For simplicity in the analyses, I will use a subset of the diamonds data set where we randomly select 100 observations and eliminate (for simplicity) the categorical variables.
set.seed(20230425)
n <- 100
d <- diamonds %>%
dplyr::select(-cut, -color, -clarity) %>%
rename(lprice = price) %>%
mutate(lprice = log(lprice))
train <- d %>% sample_n(n)
test <- d %>% sample_n(n)
Let’s fit a couple of regression models to compare with our penalized approaches.
Intercept only
m <- lm(lprice ~ 1, data = train)
p <- predict(m, newdata = test)
error <- data.frame(
group = "Regression",
method = "Intercept-only",
in_sample = mean(m$residuals^2),
out_of_sample = mean((p - test$lprice)^2)
)
All main effects of the continuous variables.

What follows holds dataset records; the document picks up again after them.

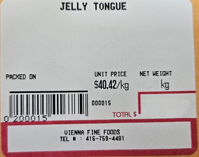 | Vienna Fine Foods | « Jelly Tongue » (Servi au comptoir) | Variable | Débutant par 0 200015 | Tous les emballages vendus jusqu’au 5 octobre 2024 inclusivement | Vendu chez : Vienna Fine Foods, 1050 Birchmount Rd., Scarborough, ON |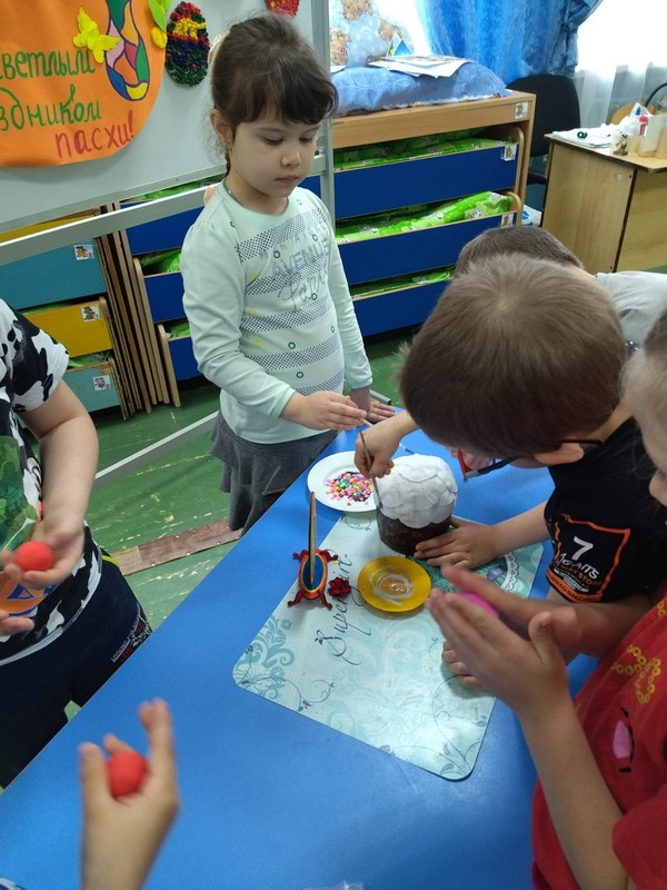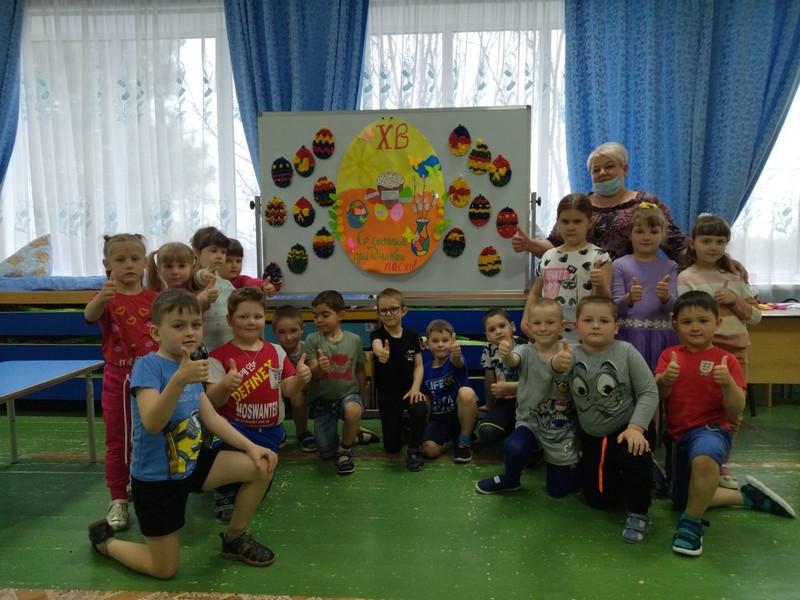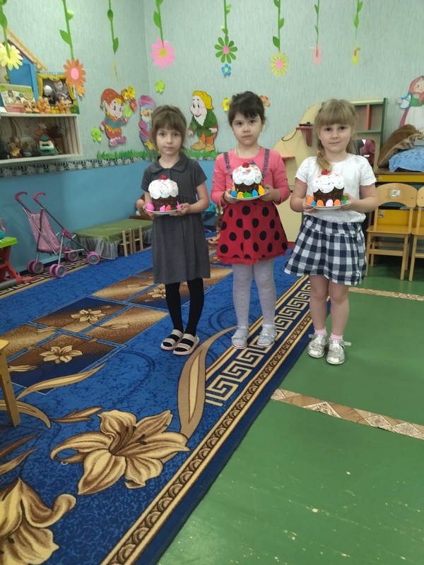 В старшей группе «Солнышки» МБДОУ «Аленушка» воспитатель Лебедева А.Н. и ее воспитанники стали готовиться к празднованию за неделю. Провели беседы на тему «Как праздновали Пасху на Руси», «Христово Воскресенье – праздник и торжество», «Почему на Пасху красят яйца». На занятиях по изодеятельности с помощью техники салфеточная аппликация дети сделали свои именные пасхальные, расписные яички и смастерили открытки к Пасхе. Ежедневно читали стихи о празднике Пасхи, рассматривали картины и иллюстрации в книгах, открытки. На прогулке играли в новые подвижные игры «Медком или сахарком», катали пластмассовые и деревянные яйца с горки. В группе была оформлена выставка «С днем Великой Пасхи», где представлены поделки, изготовленные детьми.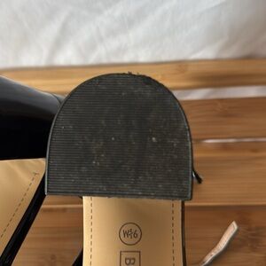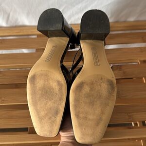 Elegant black patent leather heels. Features ankle strap and block heel. Perfect for any occasion.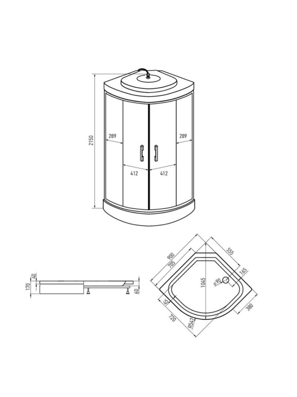 - Оптимальные размеры 90х90х215 см, низкий поддон 17 см из акрила — удобно заходить даже детям и пожилым.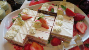 最大の特徴は、和のテイストをほどよく取り込んだバランス感覚の良さではないかと思います。日本色を前面に押し出したアフタヌーンティーも最近では見ますが、ここは過剰ではありません。ベースは洋風なのですが、ここぞのピンポイントで、きらりと日本らしさが光るのです。とても戦略的で、洗練されています。外国人客を意識している面はあるかもしれませんが、それよりも、和の要素がほとんどないフォーシーズンズ丸の内のアフタヌーンティーと差別化を図る意味の方が強いのではないかと感じました。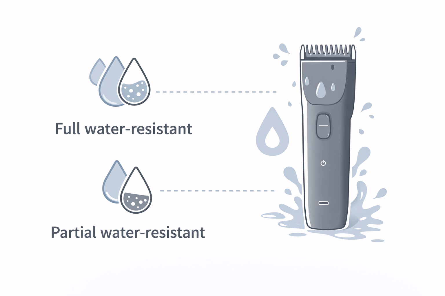 부분 방수는 칼날 세척만 가능하고, 전체 방수는 본체까지 물로 헹굴 수 있다.

m <- lm(lprice ~ ., data = train)
p <- predict(m, newdata = test)
error <- bind_rows(
error,
data.frame(
group = "Regression",
method = "Main effects",
in_sample = mean(m$residuals^2),
out_of_sample = mean((p - test$lprice)^2)
)
)
Now includes all interactions
m <- lm(lprice ~ .^2, data = train)
p <- predict(m, newdata = test)
error <- bind_rows(
error,
data.frame(
group = "Regression",
method = "Interactions",
in_sample = mean(m$residuals^2),
out_of_sample = mean((p - test$lprice)^2)
)
)
In regression models with many explanatory variables, there is a question of which explanatory variables should be included in a model. If, ultimately, we choose a single set, this is a model or variable selection problem.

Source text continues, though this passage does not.